Ed invece no... la prima grande viaggiatrice sulle due ruote partì proprio alla fine del 1800 e non per fare un viaggio qualunque, ma per esplorare il mondo intero, il suo nome era Annie Londonderry Cohen Kopchovsky meglio conosciuta come Annie Londonderry!

Annie Londonderry: la prima cicloviaggiatrice della storia

È il 24 settembre del 1895.

Siamo a Boston.

Una folla si è radunata per strada. La gente guarda, commenta, aspetta. Non sta arrivando un politico o un nobile influente.

Beacon street è stipata di curiosi. Sul viale si avvicina una persona. Arriva in bicicletta. È stanca. È impolverata. Indossa pantaloni, non una gonna. E questo, da solo, nel 1895, è già uno scandalo, perché la persona che pedala sorridente e fiera è una donna.

Il suo nome è Annie Londonderry. E quello che ha appena fatto è qualcosa che, fino a quindici mesi prima, nessuno credeva possibile: ha fatto il giro del mondo — o qualcosa che ci va molto vicino — in bicicletta.

Quando scende dalla sella, davanti ai giornalisti, dice una frase che farà storia: “Sono una donna nuova. E credo di poter fare qualsiasi cosa che un uomo può fare.”

Ma per capire davvero quanto fosse rivoluzionaria questa frase… dobbiamo tornare indietro.

L'infanzia e le tragedie familiari

Annie Londonderry non nasce con questo nome. Si chiama Annie Cohen. Nasce a Riga, nell’Impero Russo, e arriva negli Stati Uniti ancora bambina, all’età di 5 anni, con una famiglia ebrea povera che cerca una vita migliore. Cresce a Boston. Una città dura, affollata, piena di lavoro e di limiti.

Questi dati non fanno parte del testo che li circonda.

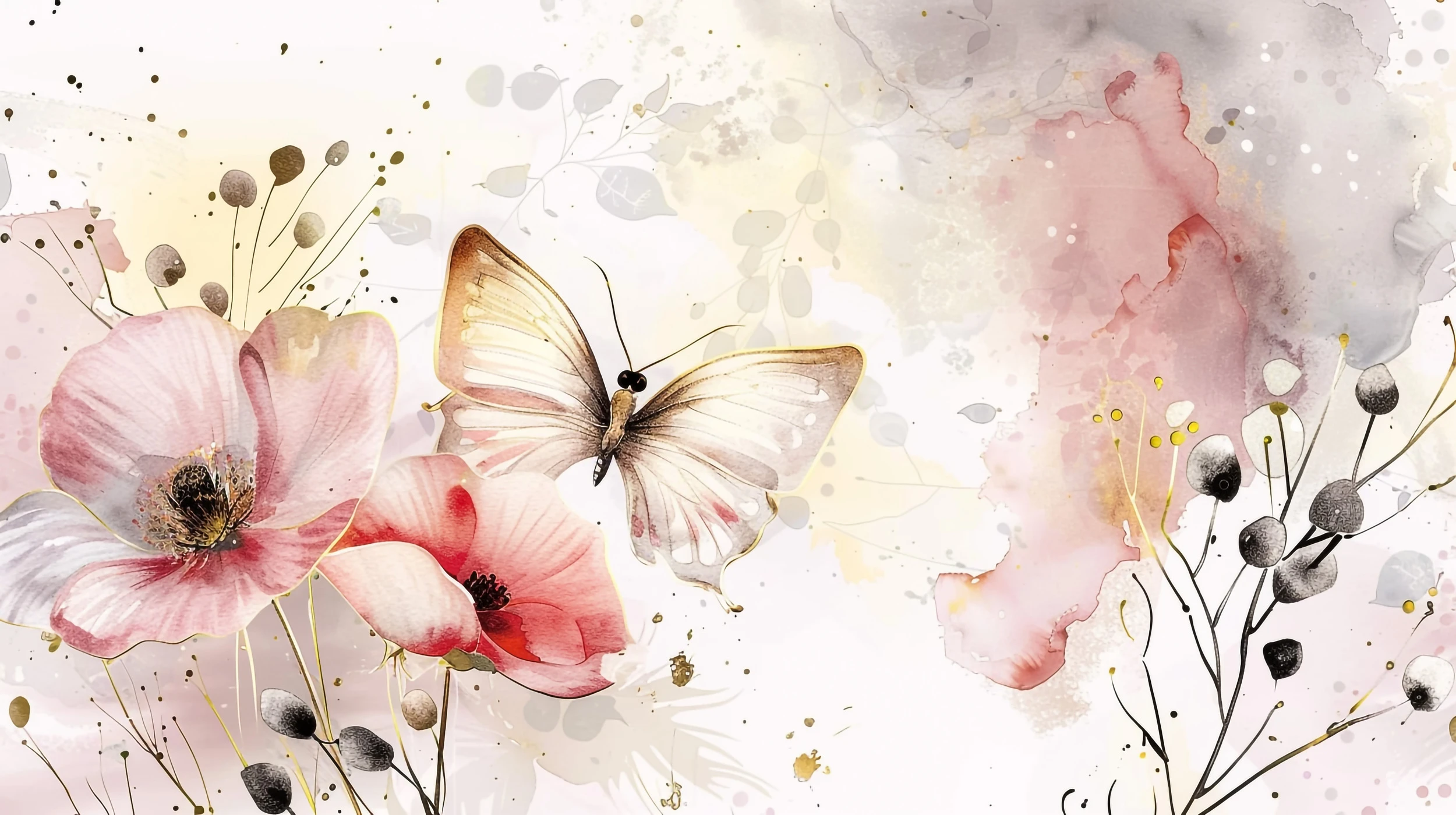 La technique de l’aquarelle moderne confère à ce papier peint une texture unique, où les couleurs se fondent naturellement dans des nuances poudrées allant du blanc cassé au rose ancien, rehaussées de touches subtiles de gris perle et d’ocre doré. Les éclaboussures artistiques et les effets de transparence créent un rendu authentique, comme si chaque fleur avait été peinte à la main par un artiste inspiré.

Rimane orfana molto giovane perché nel 1887 muore il padre seguito, dopo due mesi, dalla madre. Annie e il fratello Bennett, più grande di un paio di anni, devono prendersi cura dei fratelli più piccoli. Nel 1888, giovanissima, Annie si sposa con Simon Kapchowski, un venditore ambulante che si trasferisce a vivere nella casa di lei.

Ha tre figli in quattro anni.

È, a tutti gli effetti, una donna intrappolata nel ruolo che la società le ha assegnato. Eppure Annie è diversa. Lavora. Vende pubblicità per i giornali locali. Scrive. Parla bene. Sa stare in mezzo alla gente.

E soprattutto… vive in un’epoca in cui sta succedendo qualcosa di enorme. Sta arrivando la bicicletta. 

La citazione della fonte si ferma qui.